What was one of the crazy things you did on “Top Gear”?


Second episode in I jumped a 1976 Coupe DeVille about 40 feet in the air. Didn’t mean to do it. Here’s what happened. We were shooting an episode with retracing the roots of NASCAR.

Moonshining. That’s where it came from. So we had to pick a car to run moonshine, and I picked the 76 Coupe DeVille because listen to me, what else should I be driving? So I get this big car, and do you know the reason I picked that car? I figure if we’re gonna be in the woods doing stuff, we’re probably gonna have to sleep in the cars and I know I can lay out in that car. I know I can lay out in the back seat so that’s why I got it because that thing was a monster. So I got this Coupe DeVille and one of the challenges we had was there was a motocross track, this little off-road track and the moonshiners would evade the police by going through the woods so we had to go on the motor-cross track. So I’m looking at it and I’m like it’s not gonna make that, it’s not gonna make that, the big girl is gonna get stuck here. And right before you go up this little ramp, this little dirt bike ramp, where you’re supposed to go up and over and everything, there’s water. You gotta go through water. And I’m like, if I get stuck in that water, there’s no way I’m gonna get out and come up that hill. So I just put my foot on the floor and hung on and I lifted and it turns and I was still sliding this thing around. It’s on bald tires. It’s old and tired, but it’s giving me everything it’s got. I punched it going right through the water and I go up the ramp and all of a sudden it got real quiet...for a long time. And we were shooting in North Carolina, and way off in the distance I hear, “Yee Haw”! Then BOOM! I hit the ground and I bent the whole front clip of the car. You can see it online. It’s called “Flying Coupe DeVille”, and it’s bent. I bent the whole thing. There was not one jar of moonshine that survived it all. It all cracked and everything broke. And then the stunt driver came up to me afterwards and his face was all white. He just looked at me went, “Duuuuude!”
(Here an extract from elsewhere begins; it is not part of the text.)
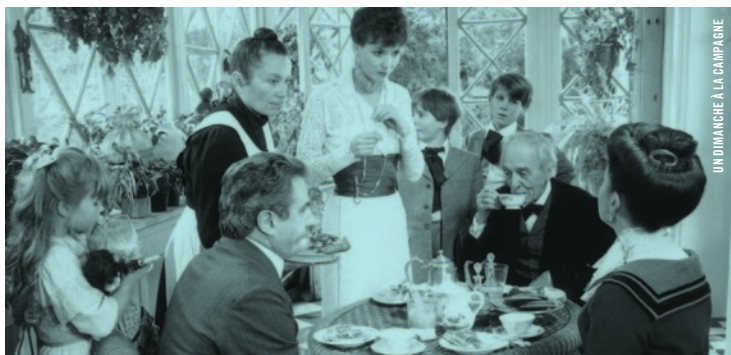
UN DIMANCHE À LA CAMPAGNE

Tell me about your new podcast.


It’s called “30 Minutes You’ll Never Get Back”. Here’s basically the show in a nutshell. When I was a kid the best night sleep so I ever had is when I was upstairs and I heard my mom and dad and their friends downstairs laughing. Don’t know why that always brought me comfort. So I started with a feeling. That’s the feeling I wanna communicate in this podcast because they’re important to me on the road because they keep me company. So my show opens with me, my wife, my best friend and my producer pal talking about a topic that connects to a one on one interview that I’ve done with the celebrity. And then like any group of friends we talk about them when they leave. So then we do another 15 minutes about, “Did you hear when Nathan Lane said that”, you know, so it’s like you’re coming over my house, somebody comes over and then we talk about it when they leave. So that’s the whole show. And I’ve been so fortunate to have such a wide array of guests of people that I want to talk to. I mean, like I mentioned Nathan Lane did one for me, Billy Gibbons from ZZ Top, Ann Wilson from Heart, Gabriel Iglesias and Brian Regan has done a couple. So I get to talk to all the people I want. I even had an FBI agent that worked on the (Ted) Bundy case. I had him on and that was creepy. I had Katie Coleman, the astronaut on. She lived in a space station for six months and she plays the flute. She was in space and she played the flute with Ian Anderson from Jethro Tull. He’s on earth, she’s in space and they’re doing a duet! I’ve done nothing with my life.